Wall Street Faces Pain From Obama Proposal
New York. If major banks give up private equity and hedge fund investments, their bottom lines could take a real hit because these investments are a key source of underwriting and advisory fees.
US President Barack Obama is calling for major banks to reduce their risk taking and investors in financial stocks are clearly alarmed. Goldman Sachs shares have fallen more than 7 percent since Wednesday, before the proposal was leaked, and JPMorgan Chase shares have fallen more than 9 percent.
Banks account for 5 percent of investors in US private equity funds by number and represent 9 percent of the capital invested, data from London research company Preqin show. The lion’s share of that number is capital managed on behalf of clients rather than invested from banks’ own balance sheets.
“For most of the investment banks, the main benefits of having private equity programs probably comes less from the extraordinary returns they’ve got and more from the fact it opened the door to getting clients from private equity groups,” said Josh Lerner, a Harvard Business School professor specializing in private equity.
While banks are relatively small direct investors in hedge funds, representing 0.9 percent, for some big banks, their internal hedge funds and private equity investments provide crucial trading, underwriting, and advisory revenue.
Sanford Bernstein analyst Brad Hintz calculates that every $1 invested by a securities company into its own merchant banking fund, can add up to another 47 cents of transaction revenue and investment gains over time.
The banks that would suffer most from such limitations are Goldman Sachs, Morgan Stanley, JPMorgan Chase and Bank of America, Hintz said.
Overall, commercial banks could suffer the most from the proposals, Hintz said, assuming that the law ends up separating commercial banking businesses from investment banking ones.
“There’s a real concern for the commercial banks,” Hintz said.
Banks are likely to spin private equity businesses off to shareholders rather than trying to sell them off piecemeal, experts said.
“I think we’ll see controlled spin-outs rather than dumping assets,” said Lerner.
A Goldman Sachs spokeswoman declined to comment on the White House plan for banks and what it might mean for private equity and hedge fund units. A spokeswoman for JPMorgan Chase was not immediately available for comment. Morgan Stanley was not immediately available for comment.
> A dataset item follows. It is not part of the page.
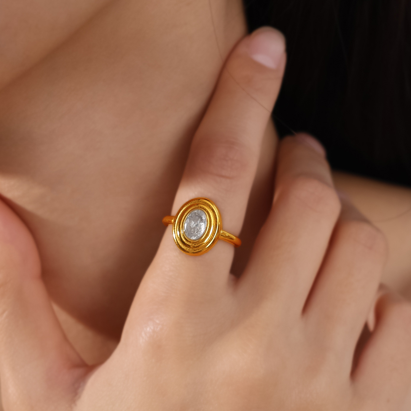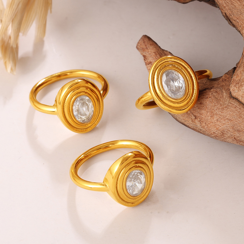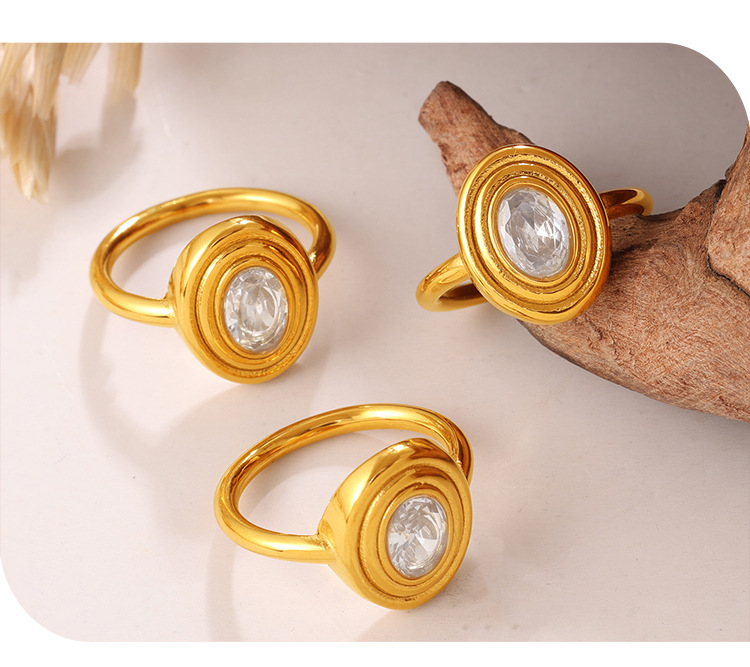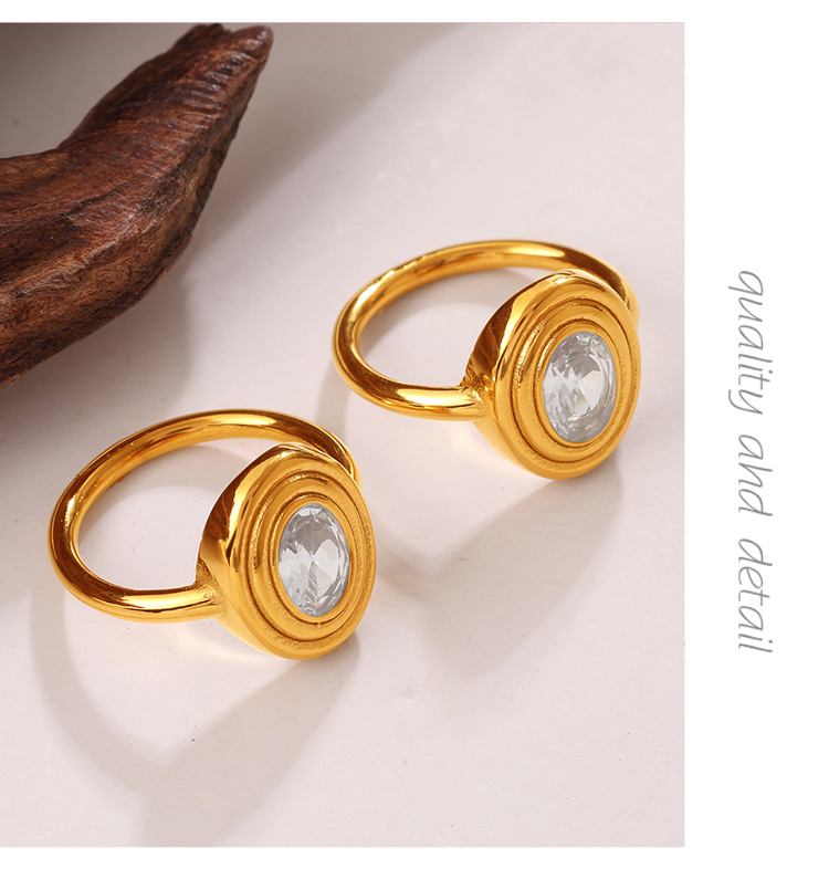 European And American Cross-border Vintage Luxury Oval White Diamond Ring, With A Sophisticated And Niche Design, In Gold Finger Ring Accessory.

Bank of America said that it does not operate a hedge fund. It does operate BAML Capital Partners, a private equity business, and a proprietary trading unit. Analysts said those units could be affected.
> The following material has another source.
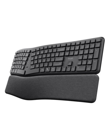 Trust Keyra Teclado inalámbrico multidispositivo ergonómico. Formato del teclado: Completo (100%). Estilo de teclado: Curvo. Tecnología de conectividad: Inalámbrico, Interfaz del dispositivo: RF Wireless + Bluetooth, Interruptor del teclado: Interruptor de membrana, Diseño de teclado: QWERTY, Teclado, cantidad de teclas: 111. Descansa muñecas. Uso recomendado: Hogar / Oficina. Color del producto: Negro

Proprietary trading accounts for less than 1 percent of total revenue, a spokesman for Bank of America said.
Banks have for several years been reducing private equity investments, said David de Weese, partner at private equity investment firm Paul Capital, and that will likely continue as it remains hard to strike leveraged buyout deals of significant size.
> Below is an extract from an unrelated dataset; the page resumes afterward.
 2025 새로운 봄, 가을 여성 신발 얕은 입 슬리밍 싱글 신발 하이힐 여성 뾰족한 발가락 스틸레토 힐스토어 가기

In addition, the Basel II accords which came into force in Europe and Japan last year and are scheduled to take effect in the US by 2012 boost the amount of capital that banks have to hold against their private equity investments, making holding on to these assets much more costly, he added.
Industry executives expect that banks will be able to keep their so-called hedge funds of funds operations where the institutions essentially operate as middlemen in helping their clients invest with hedge funds.
Hedge fund units, including so-called funds of funds units, have been lucrative for both asset managers like Legg Mason and for many banks.
JP Morgan Chase’s Highbridge Capital Management invests $21 billion in its flagship multi-strategy hedge fund, single strategy hedge funds and longer duration principal strategy/private equity-like portfolios on behalf of wealthy clients.
Banks like JP Morgan would be able to keep these units and only have to pull out their own money if any is invested. In-house hedge funds where a lot of the company’s money is invested, however, would be more problematic, observers say.
“The most likely outcome is that funds currently owned by banks will be spun off as independent entities,” said Kenneth Heinz, President of industry tracking group Hedge Fund Research.
But putting this legislation together will be a long process, and the outcome is anything but certain, analysts cautioned.
“The devil is in the details on this,” explained Paul Miller, an analyst at FBR Capital Markets. “There is a potential for a big impact on banks and there is a potential for almost no impact at all but it adds a layer of uncertainty to their operations.”